Каждое утро мы втроем уходили на пристань, валялись там на сухих бревнах, смотрели на далекую полосу синих лесов за Двиной, на белую спичку церкви над ними, на серебряную от теплого осеннего солнца воду, на старые колесные пароходы, на буксиры с высоченными рубками, которые передвигали большие баржи с песком прогрессивным методом толкания.

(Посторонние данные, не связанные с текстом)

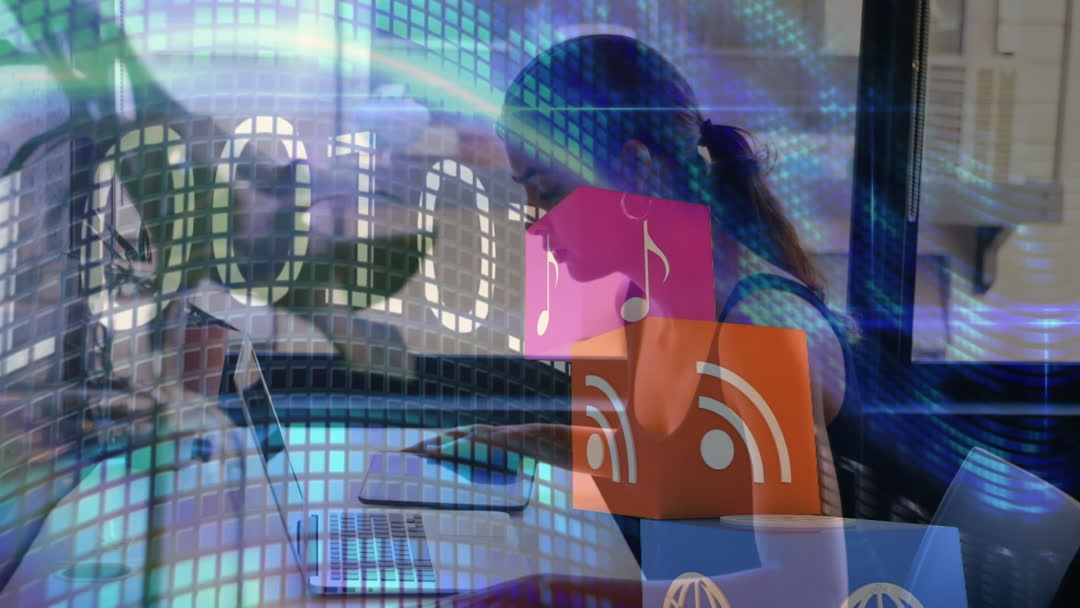A businesswoman working on her laptop surrounded by digital data and multimedia icons, representing modern technology integration in professional settings. Useful for depicting concepts of connectivity, online business solutions, technological advancement, or workplace innovation.

Бывало, что Ленька, вдохновленный этой картиной мирного труда, сипловато вдруг пел «пароход плывет, Анюта». Но в основном они с Вовиком вспоминали «минувшие дни», победы и различные приключения. Не знаю, как Ленька, но Вовик гусарил вовсю.
— У нас было так, — говорил он, — весь семестр гуляем, как вольные казаки, на лекции не ходим, конспектов у нас нет, наступает сессия. Ну, степуха-то нужна, кому она не нужна? За ночь — понял, — за ночь берешь предмет — и назубок.

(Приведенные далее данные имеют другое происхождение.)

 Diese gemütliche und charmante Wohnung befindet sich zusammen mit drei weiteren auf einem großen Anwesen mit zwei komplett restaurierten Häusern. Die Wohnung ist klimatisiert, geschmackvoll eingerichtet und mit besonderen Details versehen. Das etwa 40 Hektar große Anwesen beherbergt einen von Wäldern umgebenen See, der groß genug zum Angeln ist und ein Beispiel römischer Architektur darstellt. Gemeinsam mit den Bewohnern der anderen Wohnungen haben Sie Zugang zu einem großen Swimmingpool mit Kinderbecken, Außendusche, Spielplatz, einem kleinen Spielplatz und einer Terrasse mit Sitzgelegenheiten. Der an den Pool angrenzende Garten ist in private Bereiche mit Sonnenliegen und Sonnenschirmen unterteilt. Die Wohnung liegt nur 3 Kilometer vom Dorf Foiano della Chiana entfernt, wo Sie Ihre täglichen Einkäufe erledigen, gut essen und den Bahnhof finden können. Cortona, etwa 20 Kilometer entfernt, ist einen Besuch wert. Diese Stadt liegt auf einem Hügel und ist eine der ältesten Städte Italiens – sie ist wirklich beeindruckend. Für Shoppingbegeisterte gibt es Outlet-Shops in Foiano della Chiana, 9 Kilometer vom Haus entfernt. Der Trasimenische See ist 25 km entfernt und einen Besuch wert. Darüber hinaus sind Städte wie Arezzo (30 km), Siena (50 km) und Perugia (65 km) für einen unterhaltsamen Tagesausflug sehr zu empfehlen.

Вовику, по-моему, стало самому стыдно от такого беспардонного вранья, поэтому в конце тирады он вдруг стал проявлять склонность к честности.

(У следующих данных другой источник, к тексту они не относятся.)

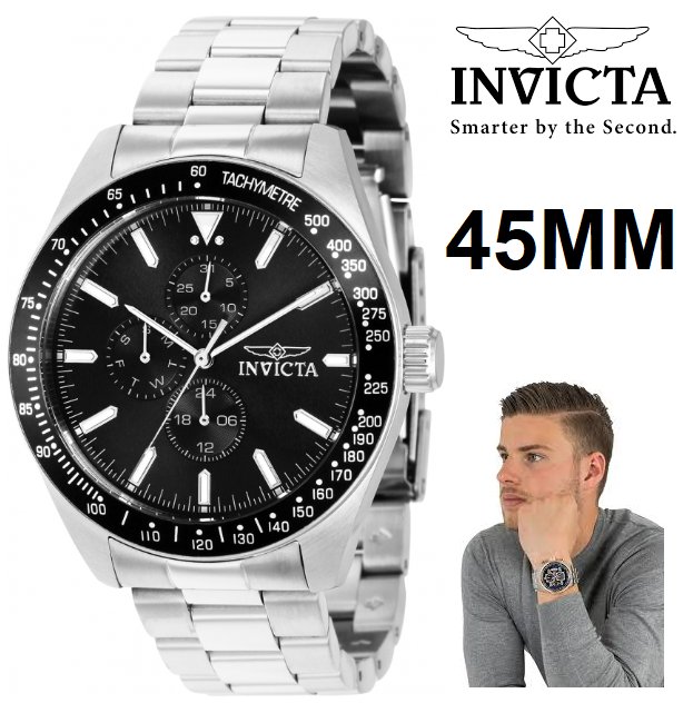 mens invicta aviator watch - 45mm - quartz stainless steel (model: 38966)

— Конечно, — сказал он, — кроме исторической грамматики. Это ж страх! Третья мировая война!
— Ну?! — удивился Ленька.
— Без трепа говорю. Железно. Третья мировая. Вон рыжий, — Вовик кивнул в мою сторону, — еле сдал. Да и то по чужой шпаргалке. Ну-ка вспомни — «редуцированные гласные»! А? Жуть!
— У нас тоже, — понимающе подержал Ленька, — как получка, так все шофера пьяные. А один в прошлом году корову задавил. На газоне.
— Насчет пьянок ты мне не рассказывай, — живо откликнулся Вовик, будто каждый вечер валялся под забором. — Как степуху получили, так берем молдавское вино, на такси и в Серебряный бор. Вот заплываешь на середину Москва-реки с бутылкой, и там ее надо выпить и приплыть обратно. Тоже загвоздочка, понимаешь ли, будь здоров! Приплываешь обратно — только одними междометиями общаешься!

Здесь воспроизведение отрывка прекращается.